::: Dataset records
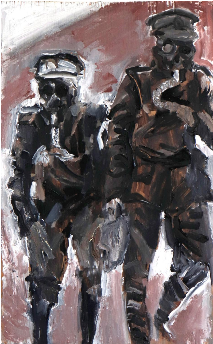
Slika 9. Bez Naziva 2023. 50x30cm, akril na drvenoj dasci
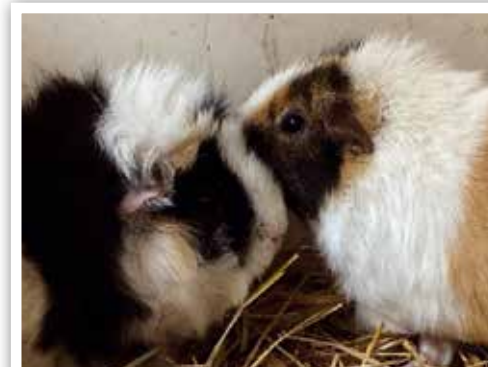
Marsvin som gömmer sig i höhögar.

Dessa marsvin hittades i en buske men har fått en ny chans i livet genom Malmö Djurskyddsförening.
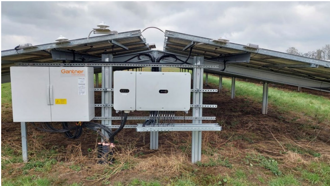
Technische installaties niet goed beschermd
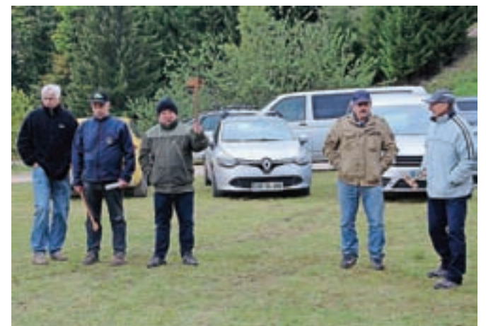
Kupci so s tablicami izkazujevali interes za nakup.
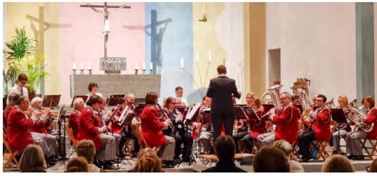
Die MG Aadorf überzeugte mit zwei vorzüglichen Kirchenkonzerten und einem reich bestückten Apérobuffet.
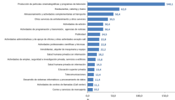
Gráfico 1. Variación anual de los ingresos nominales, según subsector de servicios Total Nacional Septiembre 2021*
::::::
→ **The problem**: Could you output all of the records exactly, without their pictures?

→ **Reply**:
Slika 9. Bez Naziva 2023. 50x30cm, akril na drvenoj dasci
Marsvin som gömmer sig i höhögar.

Dessa marsvin hittades i en buske men har fått en ny chans i livet genom Malmö Djurskyddsförening.
Technische installaties niet goed beschermd
Kupci so s tablicami izkazujevali interes za nakup.
Die MG Aadorf überzeugte mit zwei vorzüglichen Kirchenkonzerten und einem reich bestückten Apérobuffet.
Gráfico 1. Variación anual de los ingresos nominales, según subsector de servicios Total Nacional Septiembre 2021*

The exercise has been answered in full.